---- GIVEN INFORMATION

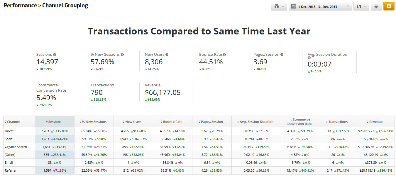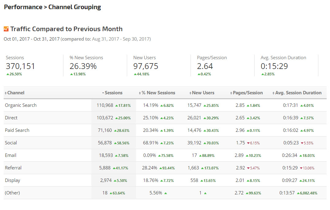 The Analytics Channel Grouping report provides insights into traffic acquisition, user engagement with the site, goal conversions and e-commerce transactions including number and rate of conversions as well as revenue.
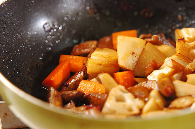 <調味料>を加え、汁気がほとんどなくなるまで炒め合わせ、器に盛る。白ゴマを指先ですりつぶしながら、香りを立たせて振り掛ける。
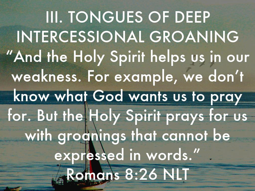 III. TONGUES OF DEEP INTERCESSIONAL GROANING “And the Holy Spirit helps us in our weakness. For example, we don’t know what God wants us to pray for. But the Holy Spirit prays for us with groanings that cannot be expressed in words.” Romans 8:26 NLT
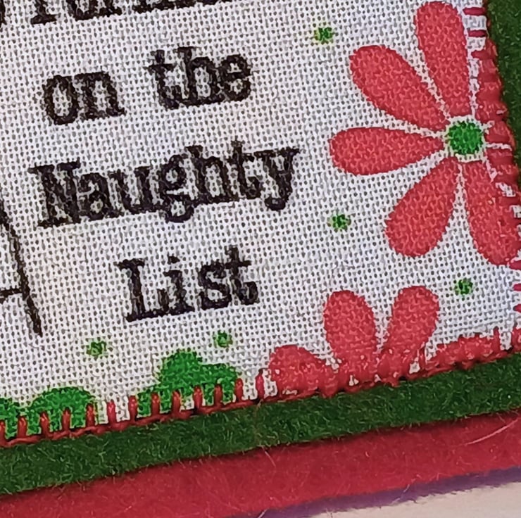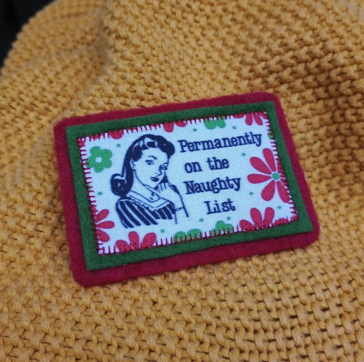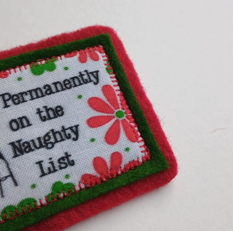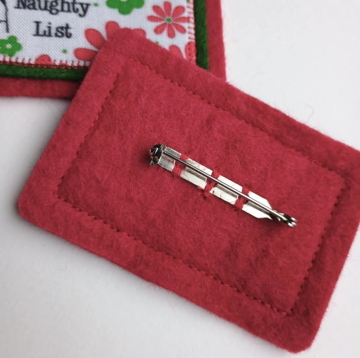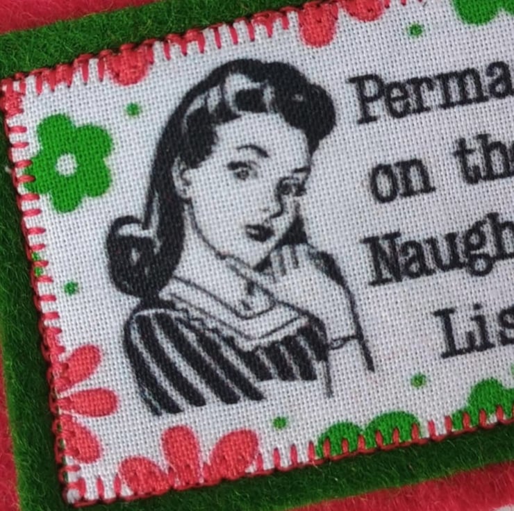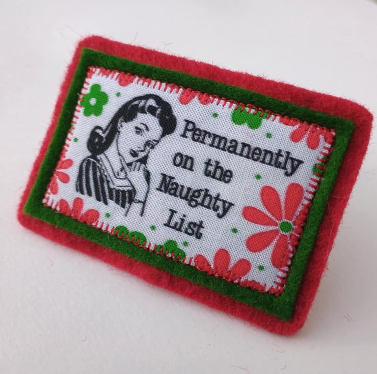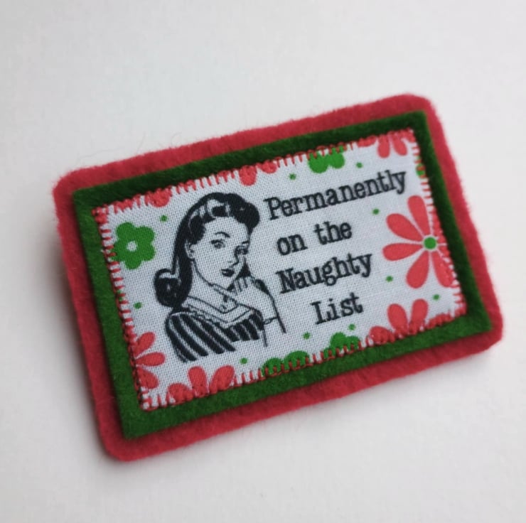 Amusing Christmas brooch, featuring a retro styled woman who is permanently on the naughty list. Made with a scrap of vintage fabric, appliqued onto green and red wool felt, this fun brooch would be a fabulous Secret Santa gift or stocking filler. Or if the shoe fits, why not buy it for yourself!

--------

**WORK TO BE COMPLETED:** Reproduce each line above precisely, with no pictures.

**OUTPUT:**
 The Analytics Channel Grouping report provides insights into traffic acquisition, user engagement with the site, goal conversions and e-commerce transactions including number and rate of conversions as well as revenue.
 <調味料>を加え、汁気がほとんどなくなるまで炒め合わせ、器に盛る。白ゴマを指先ですりつぶしながら、香りを立たせて振り掛ける。
 III. TONGUES OF DEEP INTERCESSIONAL GROANING “And the Holy Spirit helps us in our weakness. For example, we don’t know what God wants us to pray for. But the Holy Spirit prays for us with groanings that cannot be expressed in words.” Romans 8:26 NLT
 Amusing Christmas brooch, featuring a retro styled woman who is permanently on the naughty list. Made with a scrap of vintage fabric, appliqued onto green and red wool felt, this fun brooch would be a fabulous Secret Santa gift or stocking filler. Or if the shoe fits, why not buy it for yourself!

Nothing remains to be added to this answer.